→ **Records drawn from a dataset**

===============

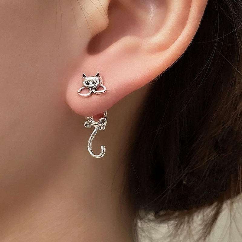 • Silver cat coat earrings.Product Details:Handmade.Dimensions:as shown in the picture.Color:Silver.Material: High quality alloy.Location:Ear.Style:Boho/Vintage.There are slight errors due to manual measurement.Due to the shooting environment, there may be slight color differences..
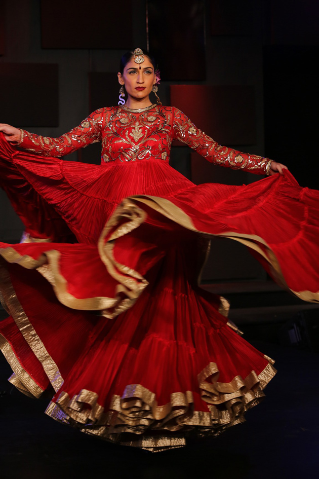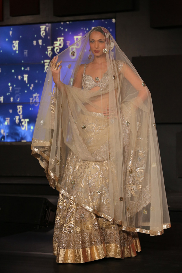 Taking inspiration from poetry penned by his mother (Indira Varma), Suneet’s collection had a nostalgic and tender touch to it; long beige and ivory anarkalis worn with farshi shararas and light wispy chiffon dupattas. The show also highlighted nine meter saris worn in Awadh style with tonal embroidery, velvet blouses with sheer sleeves and mukaish embroidery. With voice overs by Farookh Sheikh, singer Radhika Chopra and poets Indira Varma and Zehra Nigah the show was a visual and soulful treat for the audience.
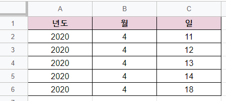 데이터는 위와같이 A열에는 년도, B열에는 월, C열에는 일자 데이터가 있습니다.
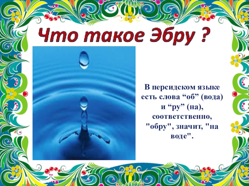 В персидском языке есть слова “об” (вода) и “ру” (на), соответственно, "обру", значит, "на воде".
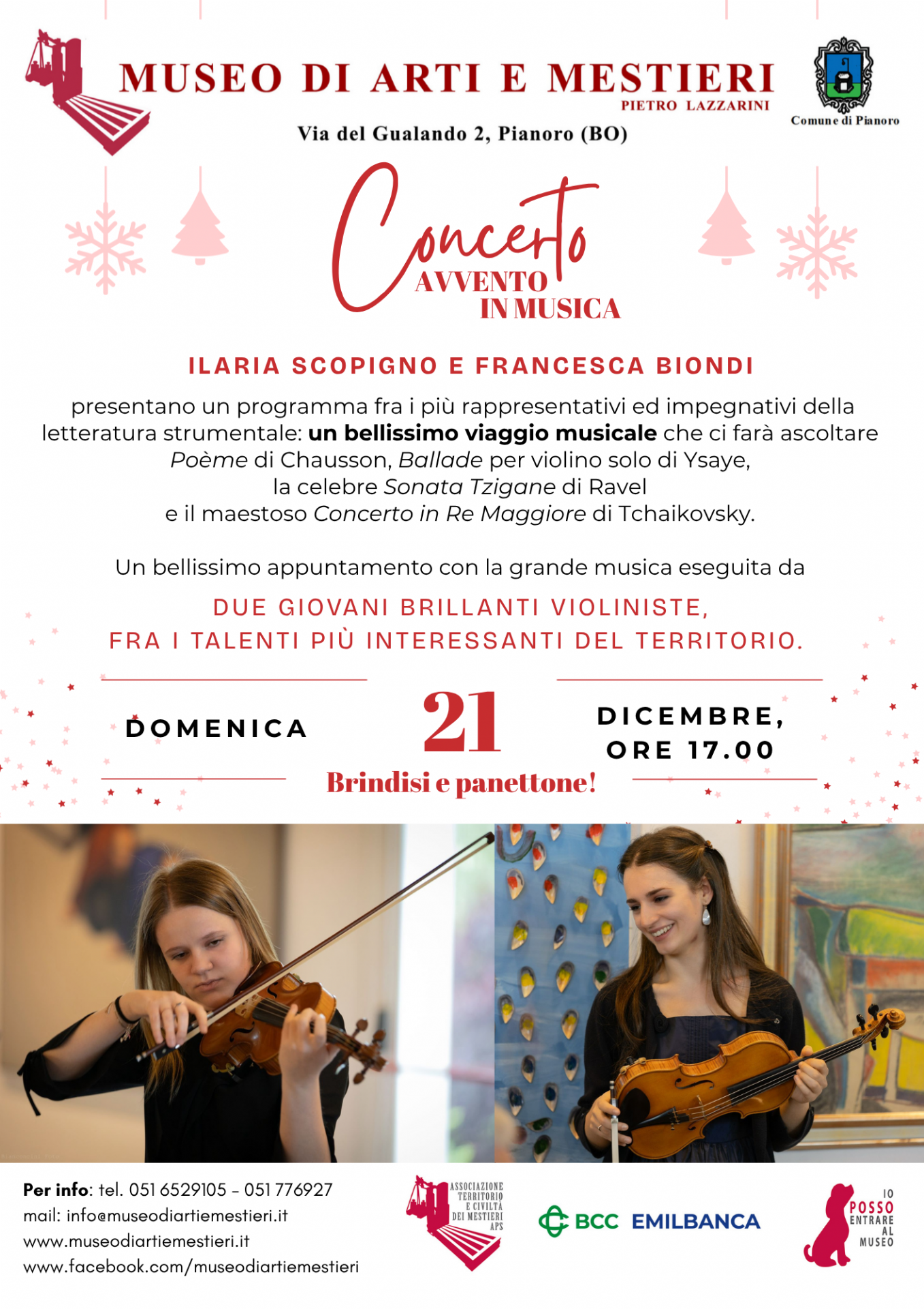 Un viaggio tra le grandi opere per violino; un bellissimo appuntamento con la grande musica classica, eseguita da due giovani brillanti violiniste, tra i talenti più interessanti del territorio: Ilaria Scopigno e Francesca Biondi che presentano un programma tra i più rappresentativi e impegnativi della letteratura strumentale: un bellissimo viaggio musicale che farà ascoltare: Poème di Chausson, Ballade per violino solo di Ysaye, La celebre Sonata Tzigane di Ravel, Il maestoso Concerto in Re Maggiore di Tchaikovsky

===============

Restate the records above word for word. Skip every picture.

→ **ANSWER TO THE PROBLEM**
 • Silver cat coat earrings.Product Details:Handmade.Dimensions:as shown in the picture.Color:Silver.Material: High quality alloy.Location:Ear.Style:Boho/Vintage.There are slight errors due to manual measurement.Due to the shooting environment, there may be slight color differences..
 Taking inspiration from poetry penned by his mother (Indira Varma), Suneet’s collection had a nostalgic and tender touch to it; long beige and ivory anarkalis worn with farshi shararas and light wispy chiffon dupattas. The show also highlighted nine meter saris worn in Awadh style with tonal embroidery, velvet blouses with sheer sleeves and mukaish embroidery. With voice overs by Farookh Sheikh, singer Radhika Chopra and poets Indira Varma and Zehra Nigah the show was a visual and soulful treat for the audience.
 데이터는 위와같이 A열에는 년도, B열에는 월, C열에는 일자 데이터가 있습니다.
 В персидском языке есть слова “об” (вода) и “ру” (на), соответственно, "обру", значит, "на воде".
 Un viaggio tra le grandi opere per violino; un bellissimo appuntamento con la grande musica classica, eseguita da due giovani brillanti violiniste, tra i talenti più interessanti del territorio: Ilaria Scopigno e Francesca Biondi che presentano un programma tra i più rappresentativi e impegnativi della letteratura strumentale: un bellissimo viaggio musicale che farà ascoltare: Poème di Chausson, Ballade per violino solo di Ysaye, La celebre Sonata Tzigane di Ravel, Il maestoso Concerto in Re Maggiore di Tchaikovsky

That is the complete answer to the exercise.